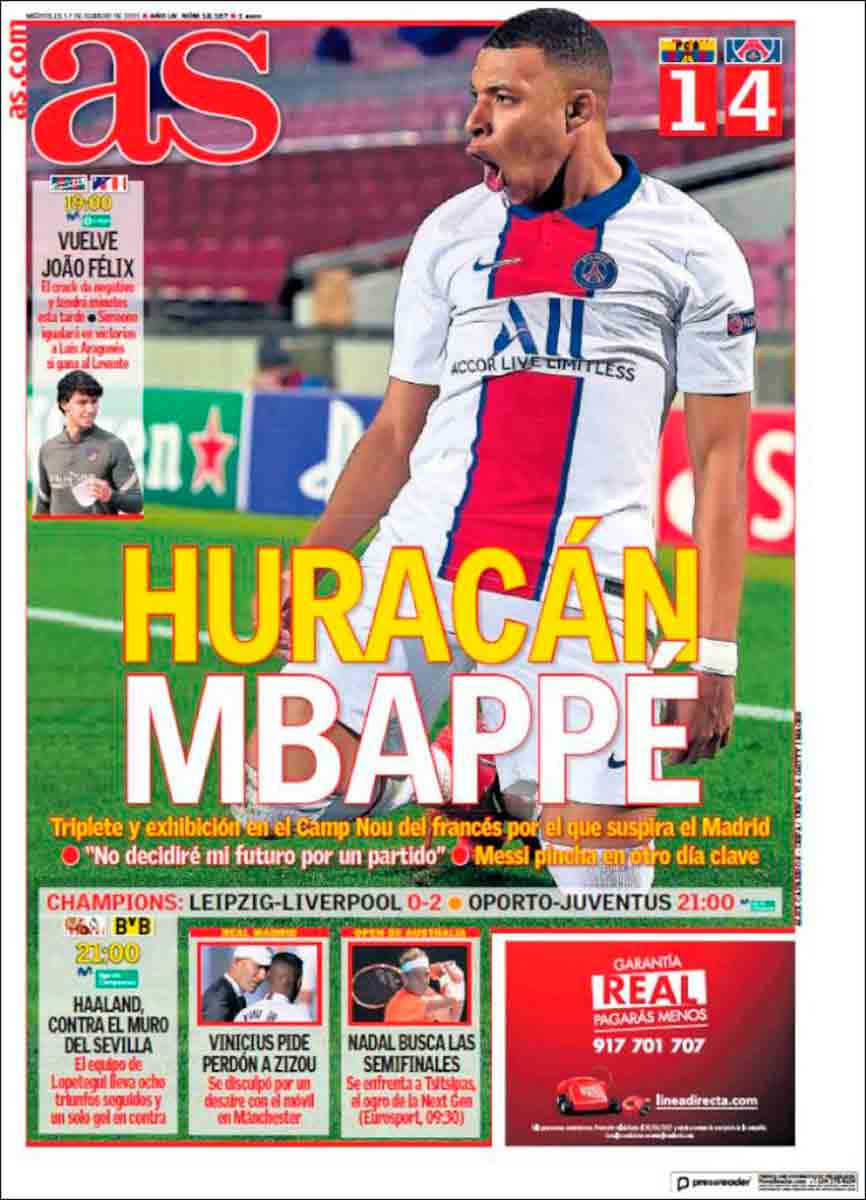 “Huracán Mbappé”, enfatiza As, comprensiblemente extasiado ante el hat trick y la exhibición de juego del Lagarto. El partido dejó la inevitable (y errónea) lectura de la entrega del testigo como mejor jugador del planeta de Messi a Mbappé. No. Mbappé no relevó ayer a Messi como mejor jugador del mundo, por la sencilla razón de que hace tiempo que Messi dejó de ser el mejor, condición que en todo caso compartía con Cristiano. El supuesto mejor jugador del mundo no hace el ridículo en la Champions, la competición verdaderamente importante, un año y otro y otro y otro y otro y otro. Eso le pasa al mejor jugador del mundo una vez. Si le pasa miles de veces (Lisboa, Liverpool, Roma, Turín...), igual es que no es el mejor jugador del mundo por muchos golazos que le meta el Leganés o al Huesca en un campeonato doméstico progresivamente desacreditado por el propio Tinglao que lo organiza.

* * *

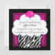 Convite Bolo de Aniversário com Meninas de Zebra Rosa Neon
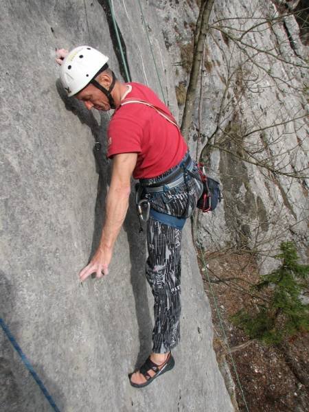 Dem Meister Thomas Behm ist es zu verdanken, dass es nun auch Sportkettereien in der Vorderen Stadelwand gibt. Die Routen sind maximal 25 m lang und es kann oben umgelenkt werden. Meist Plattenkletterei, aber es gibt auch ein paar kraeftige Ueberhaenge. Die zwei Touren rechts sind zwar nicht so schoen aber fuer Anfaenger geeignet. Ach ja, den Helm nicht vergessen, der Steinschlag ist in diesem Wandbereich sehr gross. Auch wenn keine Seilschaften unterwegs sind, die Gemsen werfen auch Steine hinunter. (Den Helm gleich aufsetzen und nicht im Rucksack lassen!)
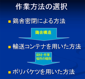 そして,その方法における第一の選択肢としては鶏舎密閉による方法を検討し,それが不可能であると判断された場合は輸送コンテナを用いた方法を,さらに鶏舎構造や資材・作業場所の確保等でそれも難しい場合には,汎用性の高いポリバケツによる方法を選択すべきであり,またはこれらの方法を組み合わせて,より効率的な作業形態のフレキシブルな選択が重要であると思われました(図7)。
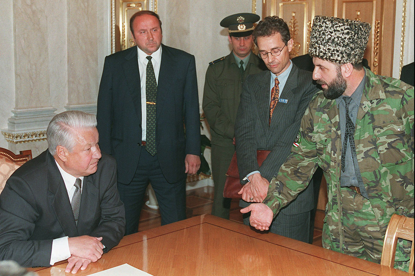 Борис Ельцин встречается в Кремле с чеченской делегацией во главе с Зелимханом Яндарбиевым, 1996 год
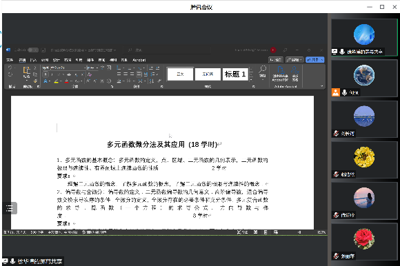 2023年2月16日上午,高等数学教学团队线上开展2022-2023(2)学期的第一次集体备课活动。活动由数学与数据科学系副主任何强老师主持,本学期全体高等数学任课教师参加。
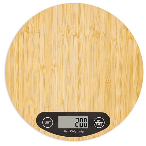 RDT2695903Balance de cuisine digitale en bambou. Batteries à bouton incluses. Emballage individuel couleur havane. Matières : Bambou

==

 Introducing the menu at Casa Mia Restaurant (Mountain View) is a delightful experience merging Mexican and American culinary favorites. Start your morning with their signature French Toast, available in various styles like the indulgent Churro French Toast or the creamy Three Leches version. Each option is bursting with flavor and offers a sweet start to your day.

> [AIM OF THE TASK]
Skipping the pictures, print the lines in the listing above exactly as written, starting at the line with "Convite Bolo de" and ending at the line with "RDT2695903Balance de cuisine", both included.

> [EXERCISE RESPONSE]
 Convite Bolo de Aniversário com Meninas de Zebra Rosa Neon
 Dem Meister Thomas Behm ist es zu verdanken, dass es nun auch Sportkettereien in der Vorderen Stadelwand gibt. Die Routen sind maximal 25 m lang und es kann oben umgelenkt werden. Meist Plattenkletterei, aber es gibt auch ein paar kraeftige Ueberhaenge. Die zwei Touren rechts sind zwar nicht so schoen aber fuer Anfaenger geeignet. Ach ja, den Helm nicht vergessen, der Steinschlag ist in diesem Wandbereich sehr gross. Auch wenn keine Seilschaften unterwegs sind, die Gemsen werfen auch Steine hinunter. (Den Helm gleich aufsetzen und nicht im Rucksack lassen!)
 そして,その方法における第一の選択肢としては鶏舎密閉による方法を検討し,それが不可能であると判断された場合は輸送コンテナを用いた方法を,さらに鶏舎構造や資材・作業場所の確保等でそれも難しい場合には,汎用性の高いポリバケツによる方法を選択すべきであり,またはこれらの方法を組み合わせて,より効率的な作業形態のフレキシブルな選択が重要であると思われました(図7)。
 Борис Ельцин встречается в Кремле с чеченской делегацией во главе с Зелимханом Яндарбиевым, 1996 год
 2023年2月16日上午,高等数学教学团队线上开展2022-2023(2)学期的第一次集体备课活动。活动由数学与数据科学系副主任何强老师主持,本学期全体高等数学任课教师参加。
 RDT2695903Balance de cuisine digitale en bambou. Batteries à bouton incluses. Emballage individuel couleur havane. Matières : Bambou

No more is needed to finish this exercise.